Chiropractic is widely recognized as one of the safest drug-free, non-invasive therapies available for the treatment of neuromusculoskeletal complaints. Although chiropractic has an excellent safety record, no health treatment is completely free of potential adverse effects.
Is chiropractic treatment appropriate for children?
Yes, children can benefit from chiropractic care. Children are very physically active and experience many types of falls and blows from activities of daily living as well as from participating in sports. Injuries such as these may cause many symptoms including back and neck pain, stiffness, soreness or discomfort. Chiropractic care is always adapted to the individual patient. It is a highly skilled treatment, and in the case of children, very gentle.
The majority of all insured American workers have coverage for chiropractic services in their health care plans. For example, the federal government's Office of Personnel Management offers chiropractic coverage for federal employees in both the Mail Handlers and BCBS benefit plans. In addition, there is a chiropractic benefit in Federal Workers' Compensation, and chiropractic care is available to members of the armed forces at more than 40 military bases, and is available at nearly 30 veterans' medical facilities.
What type of education and training do chiropractors have?
Chiropractors are educated as primary contact health care practitioners, with an emphasis on musculoskeletal diagnosis and treatment. Educational requirements for doctors of chiropractic are among the most stringent of any of the health care professions. The typical applicant at a chiropractic college has already acquired nearly four years of pre-medical undergraduate college education, including courses in biology, inorganic and organic chemistry, physics, psychology and related lab work. Once accepted into an accredited chiropractic college, the requirements become even more demanding - four to five academic years of professional study are the standard. Because of the hands-on nature of chiropractic, and the intricate adjusting techniques, a significant portion of time is spent in clinical training.
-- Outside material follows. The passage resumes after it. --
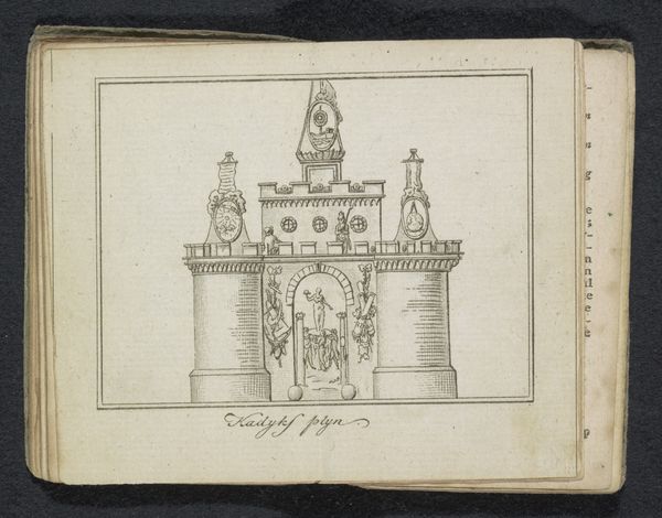 Editor: This is a drawing titled "Decoraties voor het Zeemagazijn en op het Koningsplein, 1795," created in 1795 by an anonymous artist. It’s made with ink, coloured pencil, on paper and is currently held at the Rijksmuseum. The precision of the line work is really striking to me; there's almost an architectural feel. What’s your perspective on how form defines this work? Curator: Indeed. Consider first the balanced asymmetry between the depicted structures: one, an empty archway suggestive of passage; the other, a decorated monument topped with celebratory flags. This duality draws the eye, creating a dynamic tension. The ink rendering, stark yet refined, allows us to focus solely on line and shape. How might you analyze the semiotic relationship between these geometric forms and the narrative suggestion of celebration and civic virtue? Editor: I notice the contrast in shapes, how the rigid square and rectangle of the monument give way to the oval shape surrounding the figures in its center. That breaks the geometry somewhat. Also, it strikes me how the empty arch invites the viewer in, versus the pedestal which seems self-contained. Curator: Precisely. The arch, despite its formal constraint, provides a visual openness, a lack that implies potential. The pedestal, however, contains an inscription. The words, the symmetry, the implied support... How do those formal choices affect your understanding? Do the sharp angles give a more militant impression, do you think, contrasting with the waving flags above? Editor: I hadn’t thought of it like that. It’s almost like a stage for ideas, maybe national pride? Curator: An interesting interpretation. If we understand these decorations purely on a formal level, the meticulous execution reflects order and control while these two decorated structures may also represent spaces for trade and freedom. Both neoclassical themes perhaps? Editor: I guess focusing on structure like this really shows how much you can gather without needing much context. Curator: Indeed. It proves form and intention go hand-in-hand.

In total, the chiropractic curriculum includes a minimum of 4,200 hours of classroom, laboratory and clinical experience. The course of study is approved by an accrediting agency that is fully recognized by the U.S. Department of Education.
How is a chiropractic adjustment performed?
Chiropractic adjustment or manipulation is a manual procedure that utilizes the highly refined skills developed during the intensive years of chiropractic education. The chiropractor typically uses his/her hands to manipulate the joints of the body, particularly the spine, in order to reduce pain, and restore or enhance joint function. Chiropractic manipulation is a highly controlled procedure that rarely causes discomfort. The chiropractor adapts the procedure to meet the specific needs of each patient. Patients often note positive changes in their symptoms immediately following treatment.
Is chiropractic treatment ongoing?
The hands-on nature of the chiropractic treatment is essentially what requires patients to visit the chiropractor a number of times. To be treated by a chiropractor, a patient needs to be in his or her office. In contrast, a course of treatment from medical doctors often involves a pre-established plan that is conducted at home (i.e. taking a course of antibiotics once a day for a couple of weeks). A chiropractor may provide acute, chronic, and/or preventive care thus making a certain number of visits sometimes necessary. Your doctor of chiropractic should tell you the extent of treatment recommended and how long you can expect it to last.
Why is there a popping sound when a joint is adjusted?
Adjustment of a joint may result in release of a gas bubble between the joints that makes a popping sound - it's exactly the same as when you "crack" your knuckles. The noise is caused by the change of pressure within the joint that results in gas bubbles being released. There is no pain involved.